In MAY19B contest, in the second question MATCHS, I got WA on all test cases except test case #0. Did I miss out on something in my code? Here’s my solution: https://www.codechef.com/viewsolution/24227512.


#2

What was your approach, It wil be better for us to debug your code if you will share your approach too.


#3

The server is down too, so cant open the link u provided. :pensive: untill the server starts working, Come on do share your approach


#4

I would find out the larger number of 2 and subtract the largest multiple of the smaller number from it. Then I’d repeat it until either of the two numbers is 0. I’d keep a count of how many times the whole procedure occurred. Since Ari starts first, if the count is odd, Ari wins, else Rich wins.

while(t--)
{
	ulli n, m;
	cin>>n>>m;
	ulli count = 0;
	while (n>0 && m>0)
	{
		++count;
		if (max(n, m) == n)
			n -= ((n/m) * m);
		else
			m -= ((m/n) * n);
	}
	if (count%2 == 0)
		cout<<"Rich"<<endl;
	else
		cout<<"Ari"<<endl;
}

#5

Yes this is the place where you did the mistake its not always the largest multiple of the smallest number which will be removed from the larger one. Both of them will try to win and the player who gets (n/m)>1 first will win the match for sure
where n is the larger number and m is the smaller number.


#6

Can you please elaborate a bit more on it, I’m not quite getting it.


#7

I also had this problem. according to your logic you must have thought that we do not always remove the largest integer K such that k = m / n (with m greater than n). but that’s not always the case. in some cases it is better to withdraw less.
look at that https://en.wikipedia.org/wiki/Nim


#8

use cout<<fixed<<setprecision(1)<<res<<endl;

where res is your result.
Because it is given in the problem the absolute error must be less then 10^-6.


#9

You are probably talking about WTBTR and not MATCHS.


#10

Yes Let me expalin this with a case

9 88

according to you
ari-------rich
9,7-------7,2
2,1-------1,0

Rich wins accoding to your code
Now according to my code
ari-------rich
9,16-------9,7
7,2-------2,1
1,0 --------------------And ari wins the game.


#11

One problem though. Rich would remove 4 matches instead of 6 resulting in 3,2 instead of 2,1 since that would be the optimal choice for Rich.


#12

In example… Rich… 7,2…means they can take pile from either one of the two piles block…


#13

check case 10,4

if ari takes 8 out -> 2,4 now rich can take 4 out and wins

BUT ARI CAN WIN IF PLAYED OPTIMALLY

ari can take out 4 in first turn -> 6,4
now rich has only one move ie to take 4 out of 6 -> 2,4
now ari can remove 4 from second pile and win

i think your approach will say rich will win


#14

Find forced and control moves
For example
6,4 only move that can be made is to subtract 4 from 6, looks like a forced move.
13,4 is a control move
A player in this position can take other pile in further move or give it to other player and make the next move forced.
For example if Ari gets 13,4 there are two choices:-

  1. 13,4 to 5,4 Ari , 5,4 to 1,4 Rich(forced), then Ari gets next move
  2. 13,4 to 1,4 Ari , Rich gets next move(forced, else Rich gets control and that can’t happen if Ari wants to win)
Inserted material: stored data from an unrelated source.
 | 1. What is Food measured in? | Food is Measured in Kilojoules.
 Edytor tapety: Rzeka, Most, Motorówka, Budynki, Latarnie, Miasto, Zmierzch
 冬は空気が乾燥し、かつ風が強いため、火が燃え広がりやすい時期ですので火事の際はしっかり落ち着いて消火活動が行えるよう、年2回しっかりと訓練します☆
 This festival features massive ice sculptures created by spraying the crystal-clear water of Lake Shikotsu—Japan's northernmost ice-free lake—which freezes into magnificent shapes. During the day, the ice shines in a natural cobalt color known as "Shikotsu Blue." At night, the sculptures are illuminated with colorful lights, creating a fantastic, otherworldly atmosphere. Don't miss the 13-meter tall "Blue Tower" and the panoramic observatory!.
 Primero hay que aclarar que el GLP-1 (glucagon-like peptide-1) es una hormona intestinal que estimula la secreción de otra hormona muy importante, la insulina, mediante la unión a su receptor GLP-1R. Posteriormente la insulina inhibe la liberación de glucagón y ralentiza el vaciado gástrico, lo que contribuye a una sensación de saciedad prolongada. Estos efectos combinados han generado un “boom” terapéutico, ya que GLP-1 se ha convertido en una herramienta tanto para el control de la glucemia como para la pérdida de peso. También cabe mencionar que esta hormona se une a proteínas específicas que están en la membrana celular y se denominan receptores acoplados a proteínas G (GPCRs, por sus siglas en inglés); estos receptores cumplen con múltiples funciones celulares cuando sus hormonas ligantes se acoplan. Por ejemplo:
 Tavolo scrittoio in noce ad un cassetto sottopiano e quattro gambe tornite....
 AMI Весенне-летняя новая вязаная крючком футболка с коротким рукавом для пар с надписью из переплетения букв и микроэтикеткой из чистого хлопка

By this observation the player who gets the control move wins.


#15

in my code there is some mistake but output is what you have got in this testcase
#include<bits/stdc++.h>
using namespace std;
int main()
{
int t;
cin>>t;
while(t --> 0)
{
long long int n,m,c=1,f=0,f1;
cin>>n>>m;
if(n==m){
cout<<“Ari\n”;
c=-1;}
else{
while(true)
{
if(n<m)
{
f=m/n;
f1=f;
//cout<<“f val=”<<f<<endl;
if(m%n!=1)
{
m=m%n;
//cout<<“m val=”<<m<<endl;
if(m==0)
break;
c++;
}
else if(m%n==1){
// cout<<“valur check=”<<m-((–f)*n)<<endl;
if(f>1){
m=m-((–f)*n);}
else
m=m%n;//cout<<“m in else if val=”<<m<<endl;
//cout<<“m val=”<<m<<endl;
if(m==0)
break;
c++;
}
}
else if(m<n)
{
f=n/m;
// cout<<“f val=”<<f<<endl;
if(n%m!=1)
{
n=n%m;
//cout<<“when m is small n=”<<n<<endl;
//cout<<“n val=”<<n<<endl;
if(n==0)
break;
c++;
}
else if(n%m==1){
if(f>1)
n=n-((–f)*m);
else
n=n%m;
// cout<<“n val=”<<n<<endl;
if(n==0)
break;
c++;
}
}
}
}
if(c!=-1&&c%2==0)
cout<<“Rich\n”;
else if(c!=-1)
cout<<“Ari\n”;
}
return 0;
}


#16

how we get to know it is the right move that we are taking at that position .in my code i try to force rich to take only one factor value and remaining are taken by Ari so if at last only 1 factor remains the one who will take it will win.
like 22 ,4 -> 8,7 -> 1,7 Ari wins.


#17

How do we know what the controlled and forced moves are?


#18

Sry for late reply.
Firstly a move in this question is removing X stones where X meets the requirements.

A move where a user has no option but only one choice is forced move in general.
Here at 6,4 you can only remove only 4 stones from pile of 6 whether the user likes it or not.

A move where a user has multiple choices to make that move is control move in general.
Here at 13,4 user can choose to either move 4, 8 or 12 stones from pile of 13 as these are divisible by 4.

If I got a control move I would try not to give my opponent a lot of options for futher moves using this move i.e. all moves of my opponent are forced and all control moves are mine if I get the first control move.


#19

You can practice another problem like this
https://www.codechef.com/COOK105B/problems/RANDGAME
very similar